"We share our code online": Why this is not enough to ensure reproducibility and progress in recommender systems research
Authors/Creators
Description
This record hosts the list of papers and the evaluation data that are part of the RecSys 2025 reproducibility analysis "We share our code online": Why this is not enough to ensure reproducibility and progress in recommender systems research. More information can also be found at the corresponding website.
Abstract:
Issues with reproducibility have been identified as a major factor hampering progress in recommender systems research. In response, researchers increasingly share the code of their models. However, the provision of only the code of the proposed model is usually not sufficient to ensure reproducibility. In many works, the central claim is that a new model is advancing the state-of-the-art.

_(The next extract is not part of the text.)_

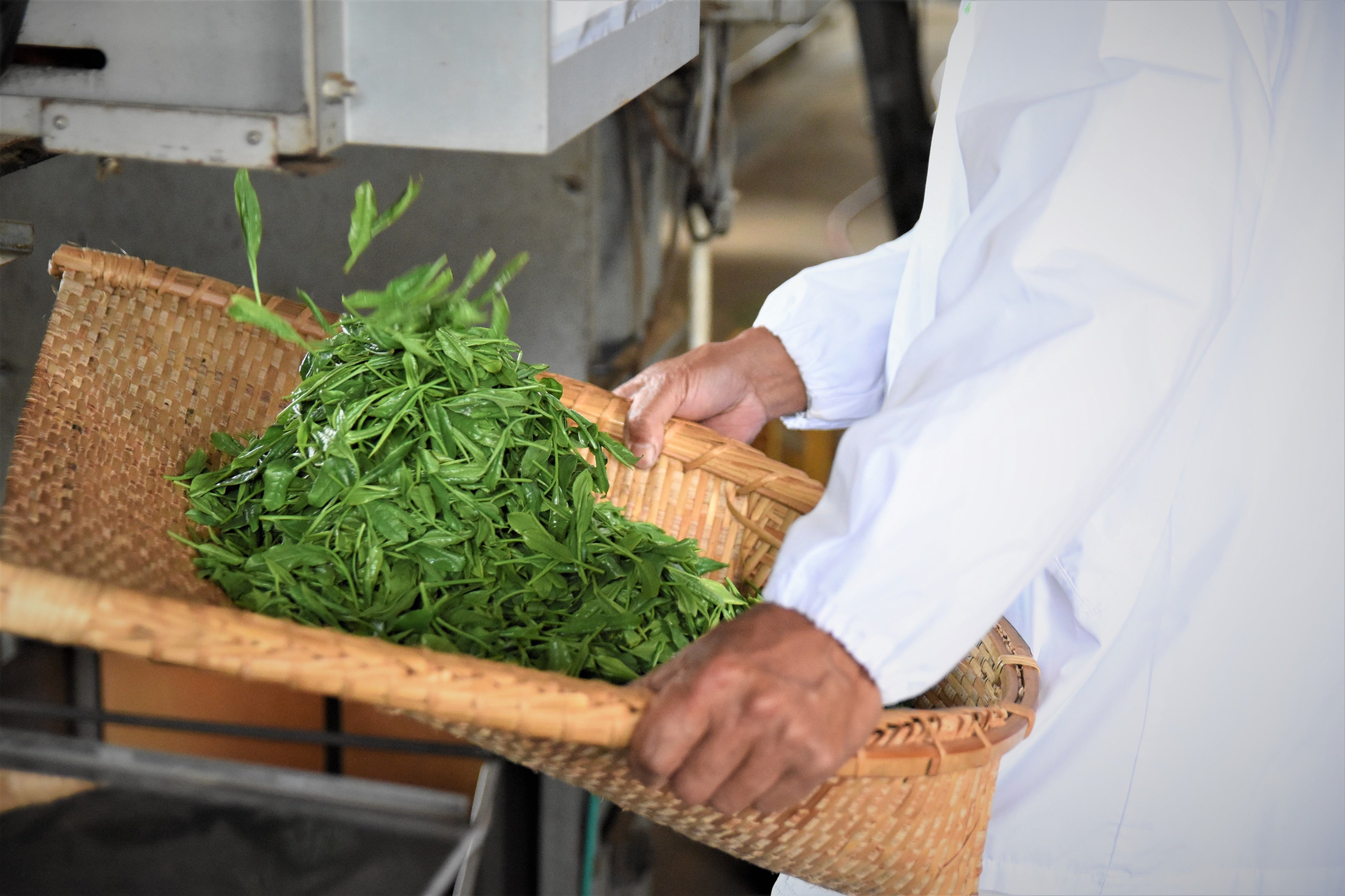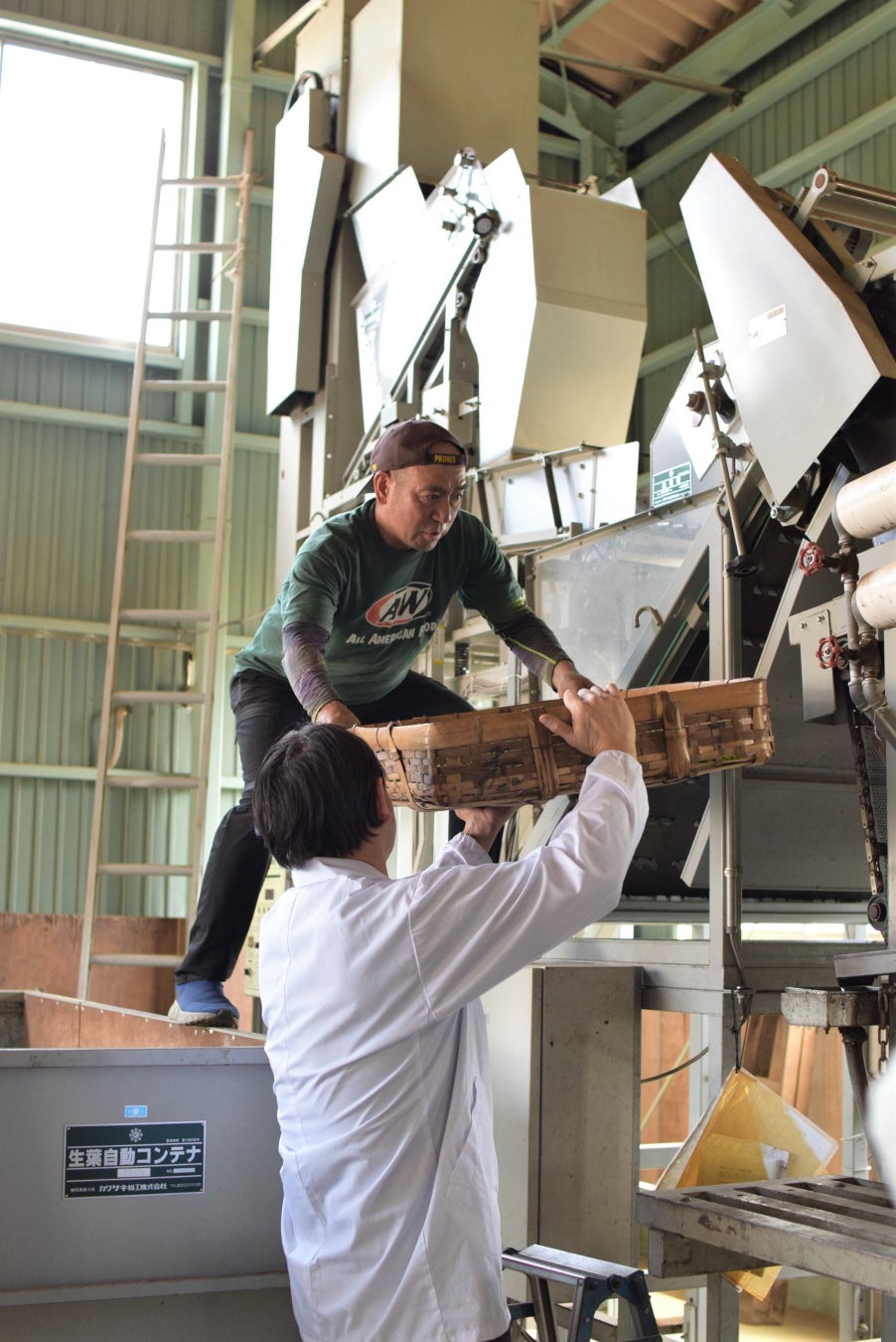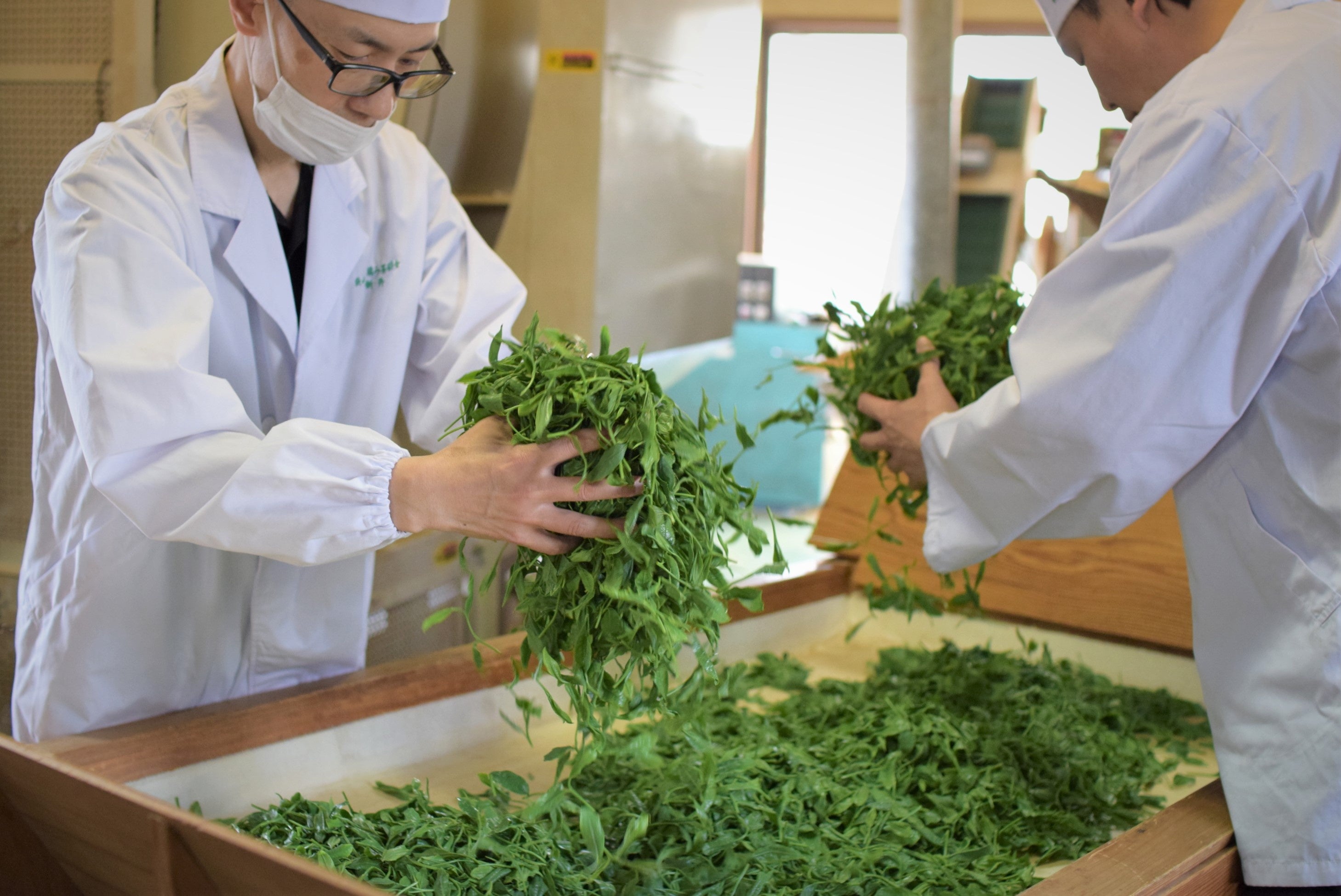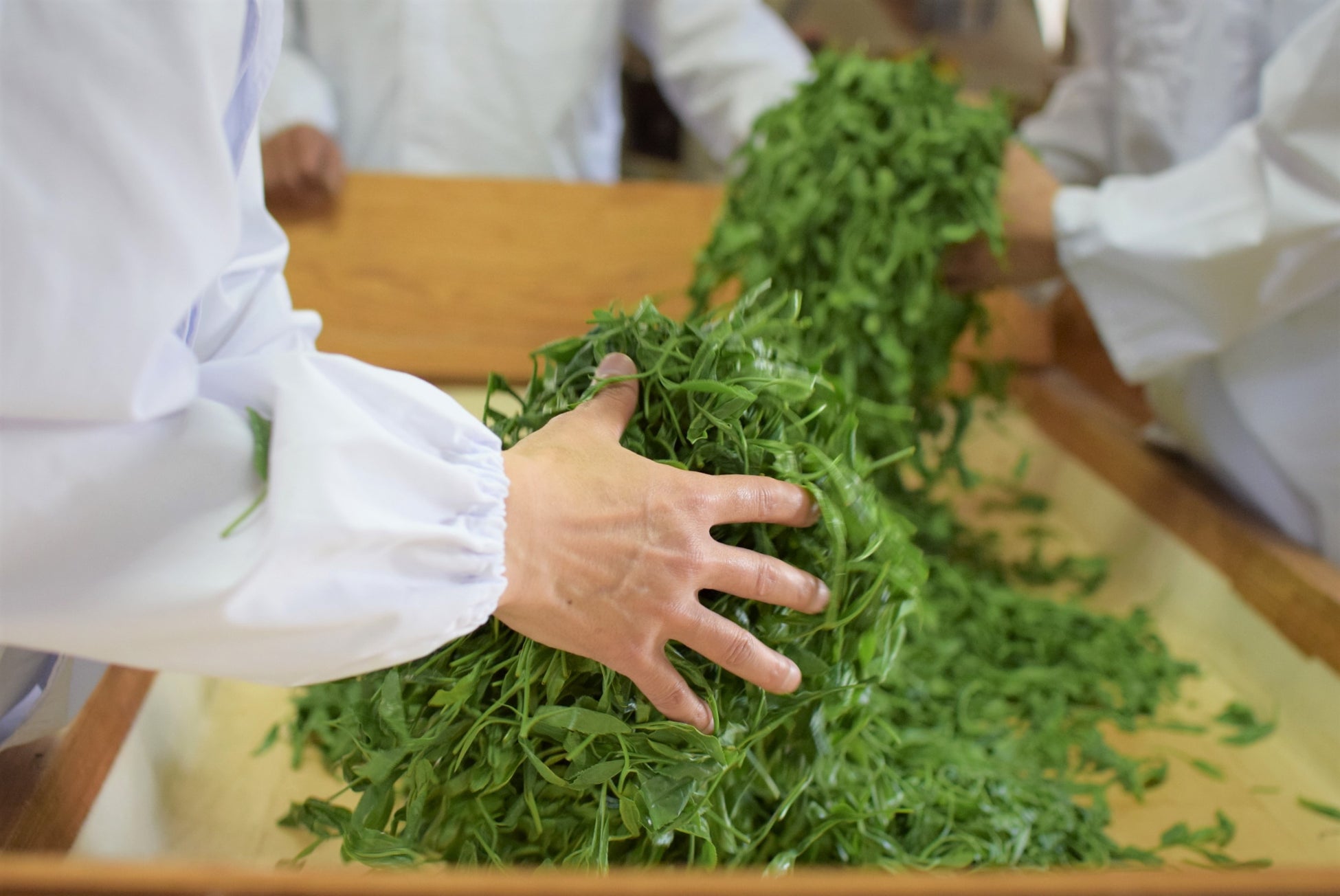 2026年4月29日(水曜日・昭和の日)実施する「狭山新茶まつり」。そのまつりでふるまう狭山新茶を4月26日(日曜日)に狭山市茶業協会と狭山市手揉み茶保存会の皆さんが、やまとう栗原園(狭山市水野342)で製造しました。当日は、10時から市内の各生産農家から持ち寄られた手摘みの生葉約350キログラムがやまとう栗原園に集められ、工場で荒茶に加工。その後、市内の茶商によって製茶加工され、40グラムずつ袋詰めしました。

Thus, it is crucial that the entire experiment is reproducible, including the configuration and the results of the considered baselines. With this work, our goal is to gauge the level of reproducibility in algorithms research in recommender systems. We systematically analyzed the reproducibility level of 65 papers published at a top-ranked conference during the last three years. Our results are sobering. While the model code is shared in about two thirds of the papers, the code of the baselines is provided only in eight cases. The hyperparameters of the baselines are reported even less frequently, and how these were exactly determined is not explained in any paper. As a result, it is commonly not only impossible to reproduce the full result tables reported in the papers, it is also unclear if the claimed improvements over the state-of-the-art were actually achieved. Overall, we conclude that the research community has not reached the required level of reproducibility yet. We therefore call for more rigorous reproducibility standards to ensure progress in this field.